Nah, it’s erosion
Well now that’s just silly. Why would God build a cathedral upside-down and buried in the ground?
(Not knocking the protecting public and indigenous lands part. Just saying a big hole in the ground doesn’t have to be “God”‘s doing. Shout out to the Colorado River here; peace be upon it, or what’s left of it.)
“God’s Cathedral” sounds more odd the more I think about it. What are all those other cathedrals about, then? Aren’t they all “God’s cathedrals”? Or is the canyon a place for God to worship himself?
I mean, I get that he finds the Grand Canyon “sublime” and “spiritual” and all that, and I gather a cathedral is also a supremely “sublime” and “spiritual” place for him, but to me a cathedral is a beautiful building, made by people for a purpose. I can’t attach that purpose to the Grand Canyon.
Maybe it means what a cathedral would look like if God built it? But then, again…why so upside down and hard to get to?
Workforce of zero, no blueprint, no budget. I think He did a pretty good job. Though it does make me wonder why He covered the Mid Atlantic Ridge with water and why He built Valles Marineris on Mars.

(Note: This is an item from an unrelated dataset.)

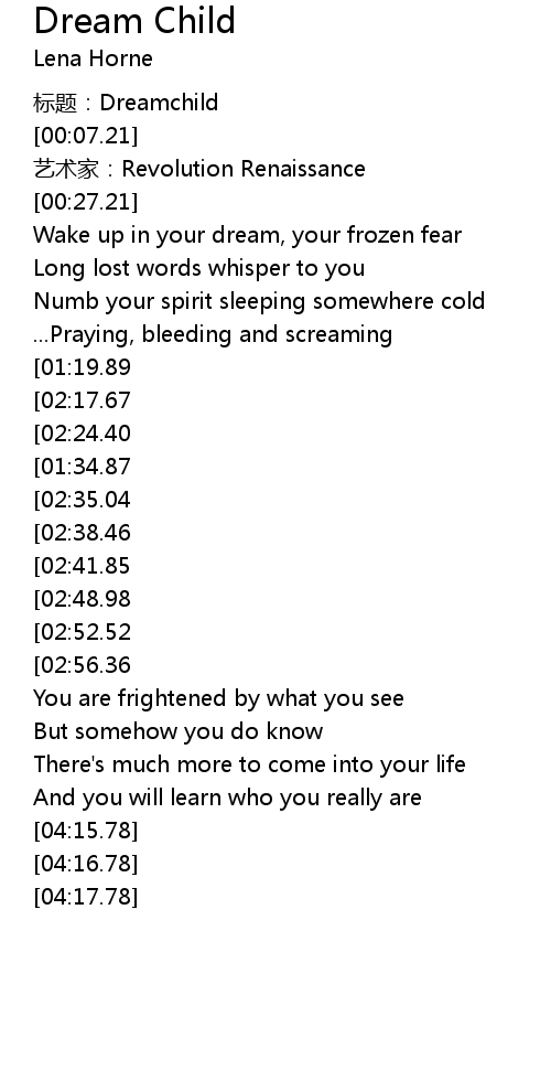 | [01:20.57][01:34.87][02:31.81][02:45.87][03:32.82][03:46.33][04:02.81] | Dreamchild |

Given the timescales involved, construction of God’s Cathedral makes Sagrada Famillia and all those medieval piles look like slap-dash, fly-by-night, hack-jobs.

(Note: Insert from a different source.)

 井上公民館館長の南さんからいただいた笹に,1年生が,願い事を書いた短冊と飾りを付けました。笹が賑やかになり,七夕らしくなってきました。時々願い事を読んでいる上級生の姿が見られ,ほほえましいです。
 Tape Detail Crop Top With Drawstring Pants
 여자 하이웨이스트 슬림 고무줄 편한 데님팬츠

I guess there is entry and exit from the level of the river, and from there it could look like a lot of towers and spires. Or something.
If that is God’s cathedral, you’d think he’d want to brag about it. I mean, it’s an impressive bit of architecture; the architect should feel proud. And yet he didn’t even reveal his existence to the locals until the Europeans started showing up a few hundred years ago.
But then God seems reluctant to reveal himself to anyone these days. I’m beginning to think that he’s pathologically reticent.